Should have everything needed. Pubkey Auth and also 3 example users who are able to connect with their corresponding keys.

One can login (sampleuser), one is intend to be used for rsync (sampletunnel) and finally the sampleftpuser can use SFTP.

Doesn't matter if more users exist and even if they've valid keys, logins will be denied.


----------



## graudeejs (Feb 21, 2009)

Change port 22 to some higher 2000-8000
port 22 is default and target for brute force attacks


----------



## rghq (Feb 21, 2009)

Changing Port won't increase security, it just keeps the logs smaller.
And - this is just an example config.


----------



## graudeejs (Feb 22, 2009)

anyway, it's worth mentioning. and if it sops 80% from probing your ssh, then it does increase security....
there might be 1 of 50 ppl who will check all ports, but 49 wont (used imaginary numbers)


----------



## Carpetsmoker (Feb 27, 2009)

It's not security, it obscurity.

I'm not saying running SSH on a port different than 22 isn't useful at least in some cases, but it's obscurity, which is something different from security, and it most definitely is not a substitute for choosing strong passwords and properly configuring/securing a SSH server, either of which make a brute-force attack infeasible anyway ...


----------



## illiadum (Apr 8, 2009)

Thanks for the howto, this makes it plain and simple.
I just set mine up so that my laptop (which of course may be coming from any IP, so other means of host-specific security hold inherent difficulties) connects to my home "server" using a 4096-bit RSA key.  Very cool.

Now, I've got to ask.  I've done some Googling and it doesn't seem that there is a definitive answer...

1) Is this *absolutely* THE most secure way of doing SSH? (definitely guards against MITM and other replay/sniffing attacks, etc)

2) On average, how long do you expect it would take someone with sufficient resources to break it?

3) If it is so secure, and everyone is going to hate me for asking this, would it be safe to turn on root logins?
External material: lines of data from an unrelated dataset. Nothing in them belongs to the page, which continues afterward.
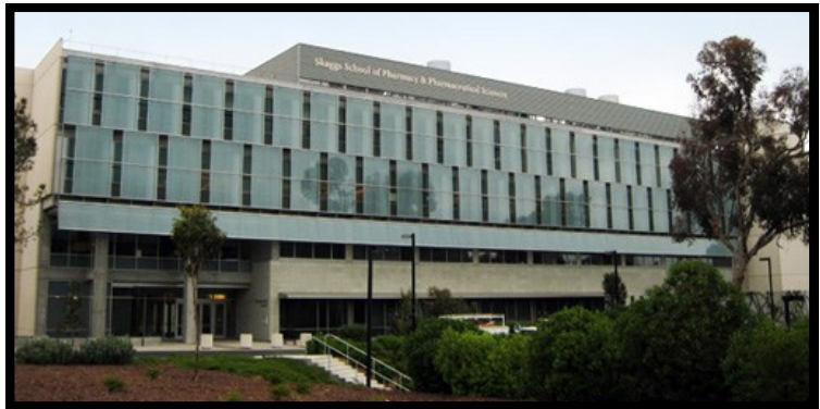
Skaggs School of Pharmacy and Pharmaceutical Sciences at UC San Diego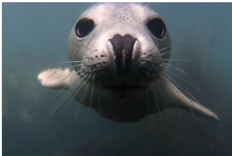
Young grey seal off Lundy, 2021.

What is the hardest thing you do? Also probably SCUBA diving! Not only is the equipment a bit finicky at times, and heavy to lug down rocky shores to get to the fun diving locations, but during my degree I did the HSE ProSCUBA course that gave me a commercial diving licence. It was great fun, but a lot of hard work!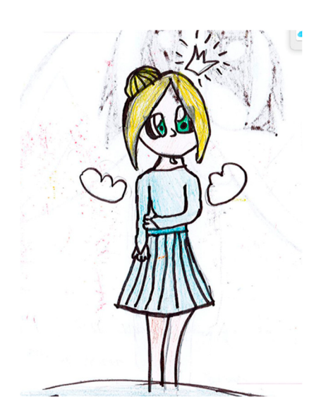
Figure 8. Sweden 8–10 Business Wear & Crown.

Transnational media is critiqued for mainstreaming western beauty ideals, and aiding in deracinating young girls from their own culture. None of the participants in nonwestern countries, i.e., India and Fiji, drew princesses wearing traditional outfits, or with any cultural accessories such as anklets or nose ring for India and shell or flower jewelry in Fiji, that represented their respective national cultures (RQ#1). Both in India and Fiji, not only were all the princesses drawn in western outfits or as

I've heard all the "you should never do that" before.  I just mean, is there enough confidence in this method to say "yes, I trust my system in the deepest way possible"?

Thanks in advance for the input.


----------



## anomie (Apr 8, 2009)

illiadum said:
			
		

> If [pubkey authentication] is so secure, and everyone is going to hate me for asking this, would it be safe to turn on root logins?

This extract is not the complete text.